Monsieur le Président,
Mesdames, Messieurs,
Je vous remercie pour votre accueil et pour cette visite fort instructive. Je sais le succès qu'a remporté votre usine lors de la récente journée du patrimoine. Je suis donc très heureuse de pouvoir profiter de ma venue pour évoquer le nouveau concept d'entreprise que constitue le site industriel de Smartville.
Je vous livrerai ma perception au regard de ma double responsabilité de ministre de l'Aménagement du territoire et de ministre de l'Environnement.

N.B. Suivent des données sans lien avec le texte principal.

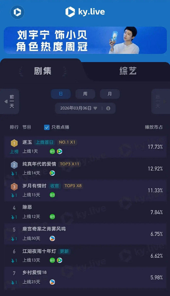 逐玉双云第一逐玉的成绩 逐玉的成绩有,谁懂这个逐玉双云第一的含金量啊,首播就拿下云合、酷云双第一,夯爆了小逐玉,就这样美美的震惊全场,期待住接下来的故事发生啦~
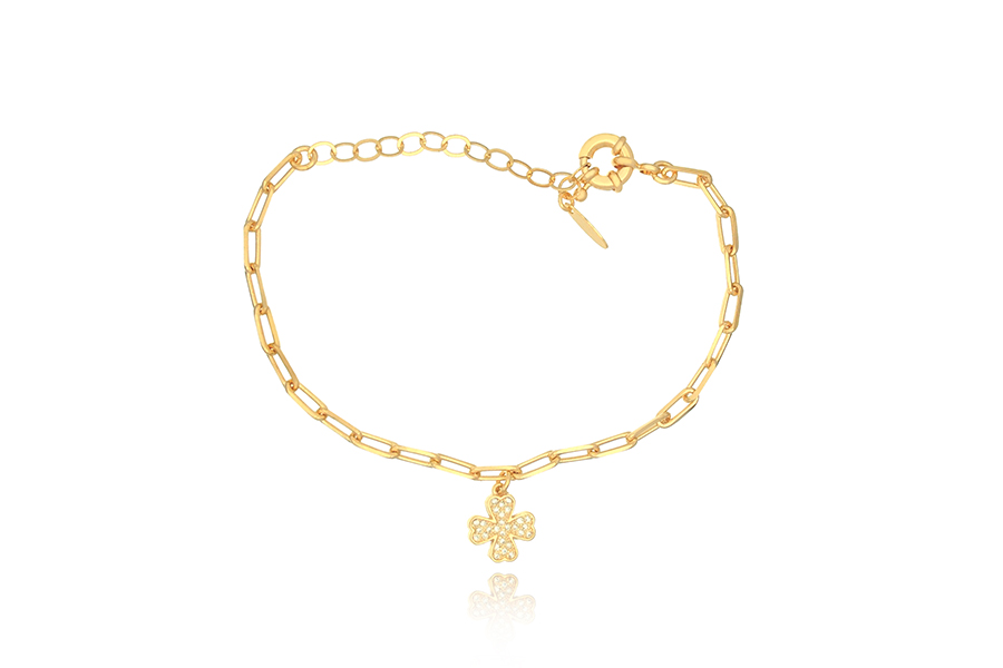 PULSEIRA BANHADA EM OURO, CORRENTE ELO PORTUGUÊS 2,50mm, 17cm COMPRIMENTO, EXTENSOR 5cm COMPRIMENTO E PESO 2,20g
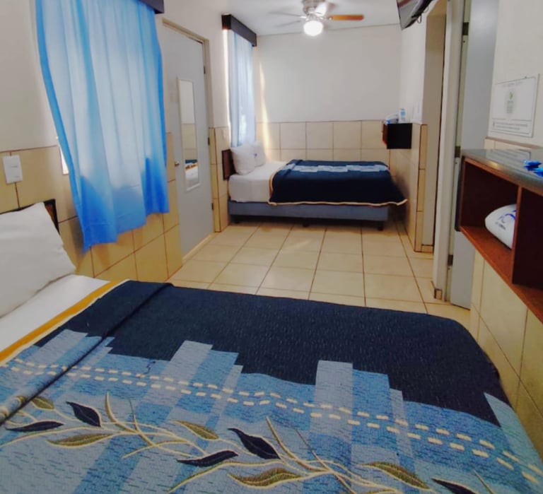 Cuenta con una cama matrimonial y una cama individual, televisión, teléfono, ventilador y baño completo, ofreciendo un espacio práctico y acogedor para tu descanso.

Avec la MCC (Micro Compact Car AG) à Hambach, nous sommes en présence de l'une des plus importantes implantations d'entreprises étrangères en France de ces dernières années. C'est à fois vrai en termes d'emplois : 1 547 emplois d'ores et déjà créés sur les 2 000 emplois prévus, et en termes d'investissements : 2,5 milliards de francs réalisés sur un programme global de 2,7 milliards de francs.
Cette implantation couronne les efforts déployés par les dispositifs de promotion, de prospection et d'accueil des investissements étrangers en France. Sa dimension et son incidence sur l'économie locale sont enviées par les autres régions européennes. Pour la Lorraine, confrontée à de difficiles restructurations industrielles, elle constitue un élément de rebond et de redynamisation du tissu industriel.

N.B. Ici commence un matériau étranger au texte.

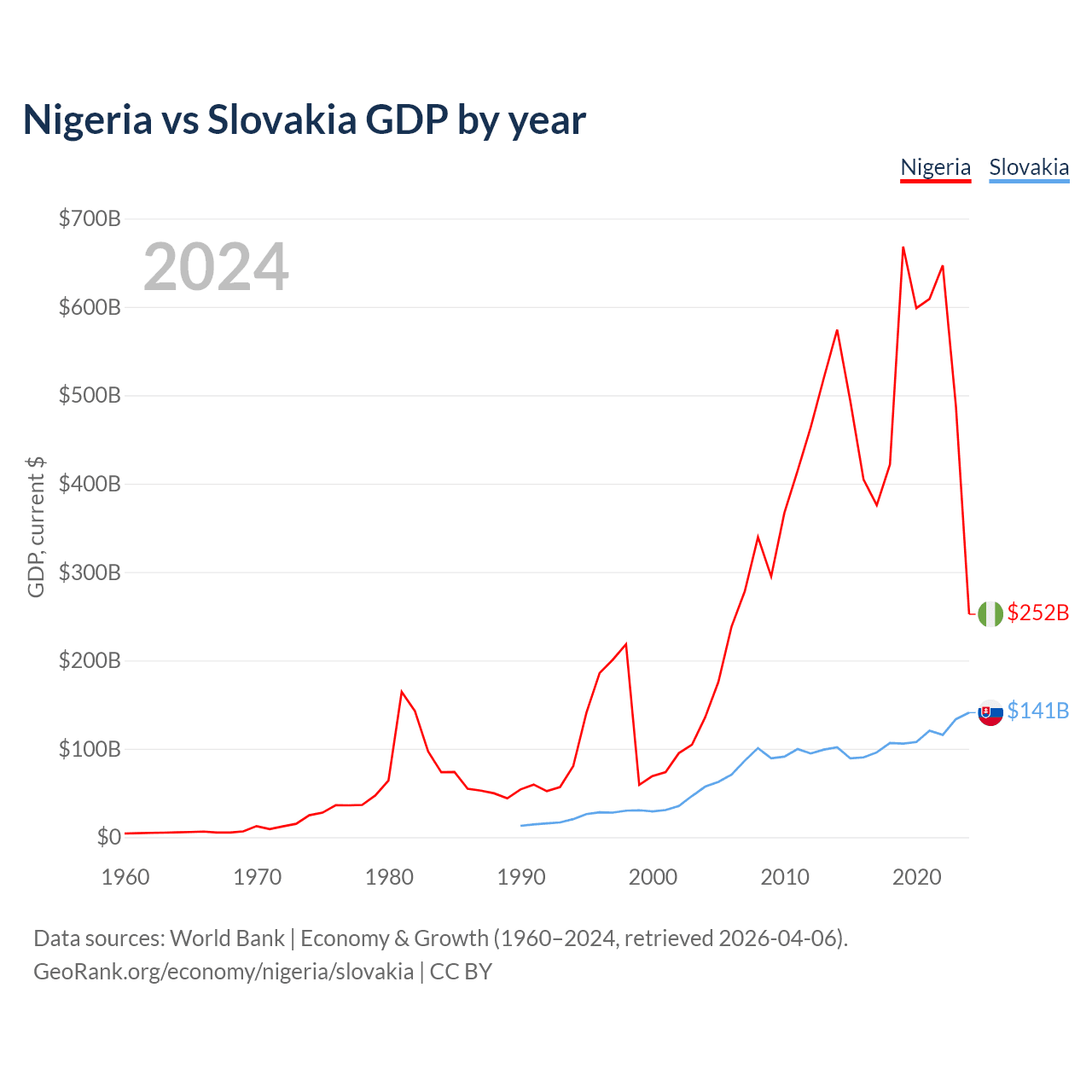 Nigeria vs Slovakia GDP by year

Les effectifs de Smartville représentent 7,4 % de la population active du district de Sarreguemines, et j'ai noté que l'immense majorité des salariés de Smartville résidaient dans un rayon de 30 kilomètres autour du site. Ce rapprochement géographique entre domicile et travail réjouit la ministre de l'Aménagement du territoire que je suis, mais aussi la ministre de l'Environnement, car il engendre une baisse de la mobilité contrainte et une meilleure qualité de vie pour les employés de la MCC. La moyenne d'âge de ceux-ci, 29 ans, offre une perspective nouvelle pour les jeunes, et constitue un autre gage d'ancrage territorial..

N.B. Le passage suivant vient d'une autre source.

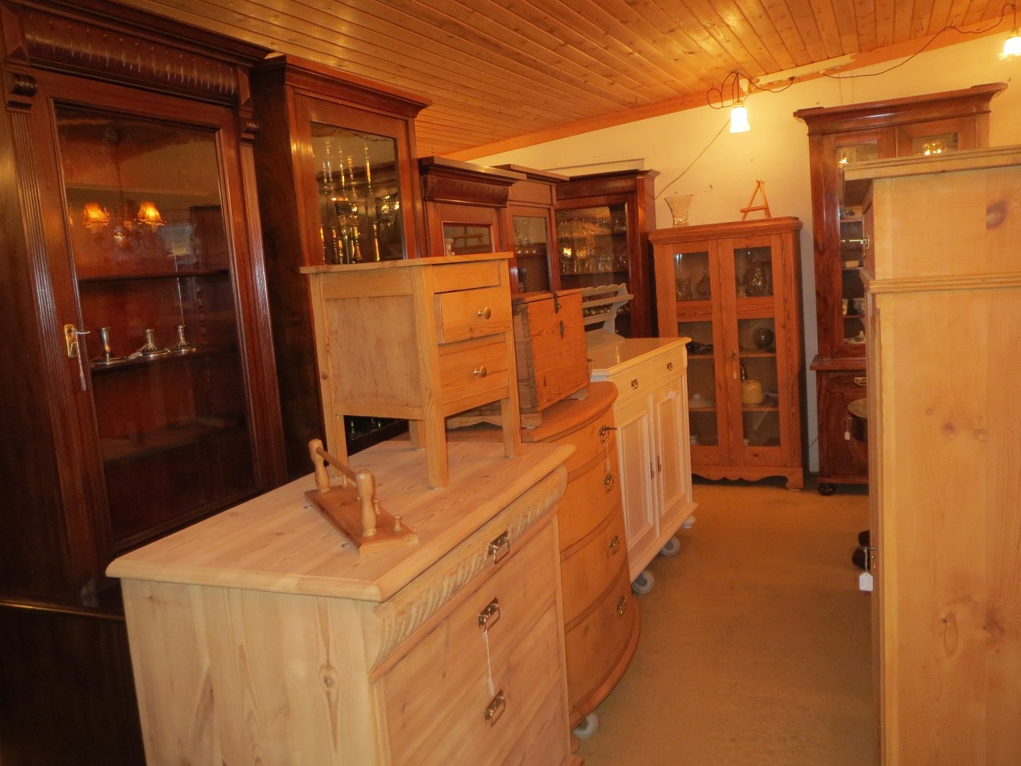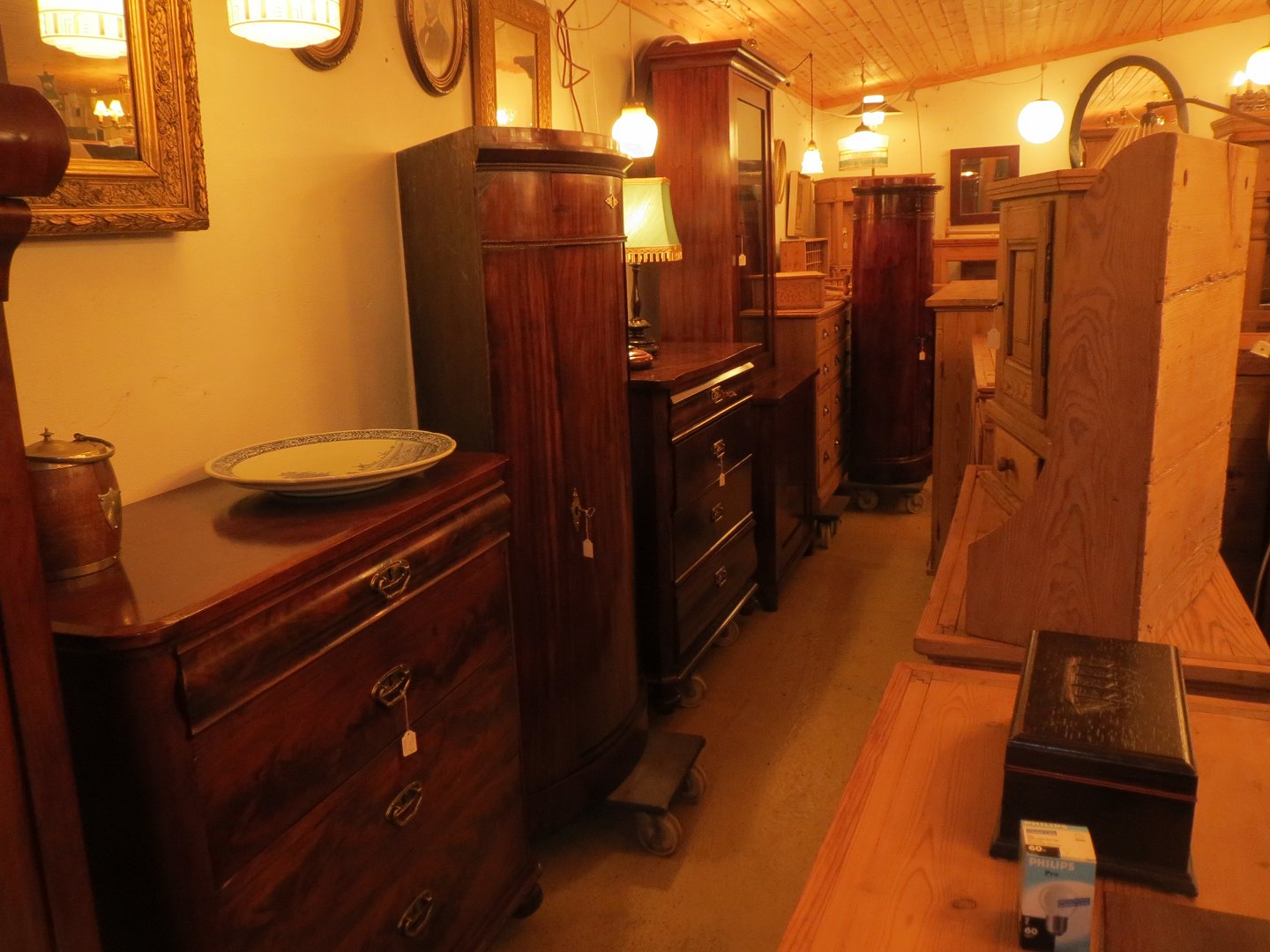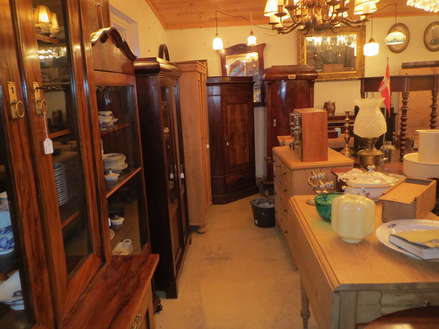 Stor salgsudstilling med restaurerede møbler håndpolerede mahognimøbler, afsyrede fyrretræsmøbler, malede træmøbler, kun originale gamle og antikke møbler.

L'Etat, la Région Lorraine, le département de la Moselle et le District de Sarreguemines se sont mobilisés pour favoriser cette implantation. Le ministère de l'Aménagement du territoire, en raison des enjeux que je viens d'énoncer rapidement, a contribué à ce projet, via la prime d'aménagement du territoire.
Le site d'Hambach-Sarreguemines a été retenu en raison de son positionnement logistique, mais également pour la qualité de son réseau de communications internationales, pour sa position centrale dans le marché européen, et pour son potentiel en main d'uvre qualifiée.
Cette implantation illustre aussi les synergies résultant de l'association de trois pays : la Suisse, l'Allemagne et la France, et des potentialités attachées à la coopération transfrontalière.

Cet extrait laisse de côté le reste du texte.